The Khomas Trough in central Namibia is one of the basins that was filled during sedimentation of the Late Proterozoic Damara Sequence (750–570 Ma). The basin that was filled by a thick sequence, now preserved as metagreywackes and pelites of the Kuiseb Formation, which were subsequently multiply deformed and thrusted during the Damaran Orogeny (570–450 Ma). Minor lithologies included are graphite schists, calc-silicates and scapolite schists. The intercalated Matchless Amphibolite contains tholeiitic metavolcanic rocks, including pillow lavas and breccias, as well as ultramafic lithologies, metagabbroic lenses, graphite schists, cherts, and a marble unit. Large exotic blocks of serpentinite were tectonically emplaced into the thrust pile.

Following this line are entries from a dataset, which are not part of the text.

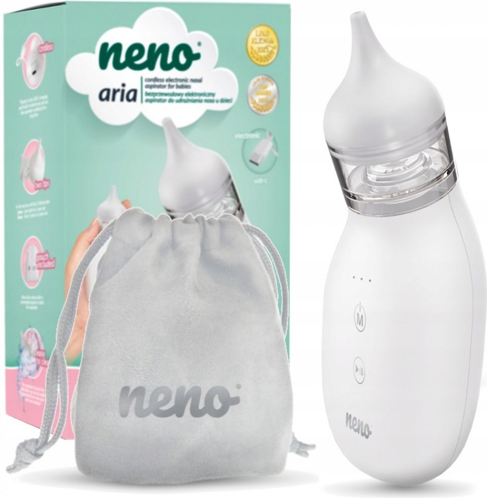 Neno Aria je moderní bezdrátová nosní odsávačka. Je lehká a snadno se používá, poskytuje jemné a zároveň přesné čištění dětského nosíku. Nastavitelný sací výkon a přiložené koncovky umožňují přizpůsobit sací výkon hustotě sekretů a věku děťátka.
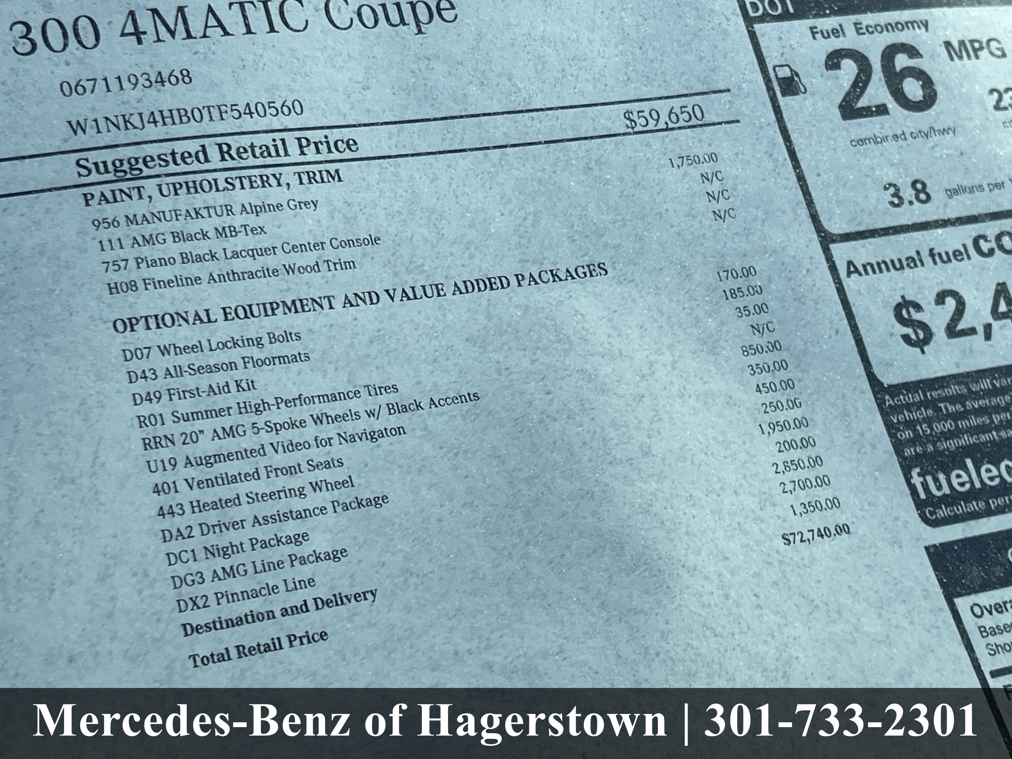 NIGHT PACKAGE -inc: High-Gloss Black Elements, high-gloss on front wing, grille lamellas, rear diffuser insert, exterior mirrors, beltline and window trim, DRIVER ASSISTANCE PACKAGE -inc: route-based speed adaptation, PRE-SAFE PLUS, Active Lane Change Assist, DISTRONIC PLUS w/Steering & Stop & Go Assist, PRE-SAFE Brake w/Pedestrian Recognition, BAS PLUS w/Cross-Traffic Assist, Active Speed Limit Assist, PRE-SAFE Impulse Side, Automatic Lane Change, Driver Assistance Package Plus , PINNACLE TRIM -inc: MBUX Entertainment Plus, Head-Up Display, Heat & Noise Insulating Glass, DIGITAL LIGHT w/Projections, Burmester 3D Surround Sound System, 15 high-performance speakers, DSP amplifier w/a total output of 710 watts (2 x 120 watts, 7 x 50 watts, 6 x 20 watts), 2 broadband speakers in the front area, frontbass technology w/subwoofers, sound optimisation for the front and 2 sound presets, Sound Personalization, PIANO BLACK LACQUER CENTER CONSOLE, MANUFAKTUR ALPINE GREY, FIRST AID KIT, FINELINE ANTHRACITE WOOD TRIM, BLACK RUBBER 4-PACK ALL-SEASON FLOORMATS, BLACK FABRIC HEADLINER, AMG LINE -inc: AMG Line Body Styling, AMG Line Interior, AMG Line Floor Mats, Flat-Bottom Multifunction Sport Steering Wheel, Perforated Brake Discs, Mercedes-Benz lettered calipers, AMG Line Exterior.
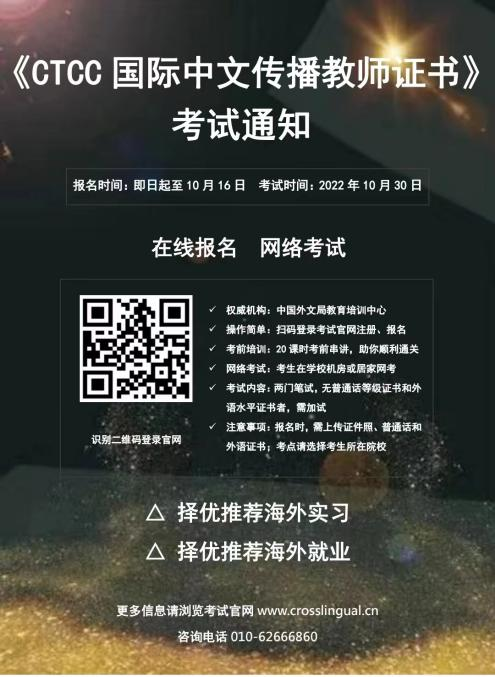 国际中文传播教师证书考试(CTCC)是中国外文局教育培训中心跨语言教学能力测评项目管理中心主办的职业提升性质的标准化考试。考试根据汉语、英语、跨语言教学等学科特点和教学实际需要,对应试者的语言表达与运用能力、文化阐释与传播能力、第二语言教学设计与组织能力、跨文化交际与适应能力、媒介素养与策划能力等五方面能力进行考察,评价应试者是否具备国际中文教学传播能力、能否胜任中华语言文化的跨语言传播工作。欢迎有志于从事中华文化国际传播的人士、有志于从事国际汉语教学的人士、热爱中华语言文化的人士报名参加考试。

Original sedimentary structures, the vertical facies distribution of progradational and retrogradtional cycles, and the lateral extent of major sedimentary units indicate that major parts of the sedimentary sequence have been deposited as an elongate deep-sea trench fan. The regional structural pattern is characterized by several phases of coaxial deformation with folds verging consistently to the southeast. The structural regime is markedly heterogeneous and is associated with thrusting which developed elongate thrust slices traceable laterally for at least 150 km. The thermal evolution comprises a prolonged amphibolite-facies metamorphism with the peak occurring late in the deformational history. These features are explained in a tectono-sedimentary model which involves the evolution of a Late Proterozoic accretionary prism, named the Khomas Hochland accretionary prism, within a convergent continental margin setting.

Rift initiation took place along old tectonic weakness zones between the Congo and Kalahari Cratons. This was followed by the opening of the Khomas Sea and the development of mature oceanic shelves on the two adjacent cratons. Regional geological constraints indicate that the Khomas Sea opened as a relatively small, gulf-type oceanic basin. A passive continental margin was maintained on the southern craton during closure of the Khomas Sea, which occurred at a northwest dipping subduction zone along the northern Andean-type active margin. Submarine fan sediments of the elongate trench, some pelagic sediments and pillow lavas of the oceanic crustal sequence were scraped off during accretionary prism evolution. Ultimately continental collision resulted in: (1) obduction of the accretionary prism onto the Kalahari Craton, involving the emplacement of serpentinite pods together with basement slices; (2) strong southeast vergent folding and thrusting; (3) extensive shortening; (4) prograde regional metamorphism through crustal thickening; and (5) widespread granitic plutonism.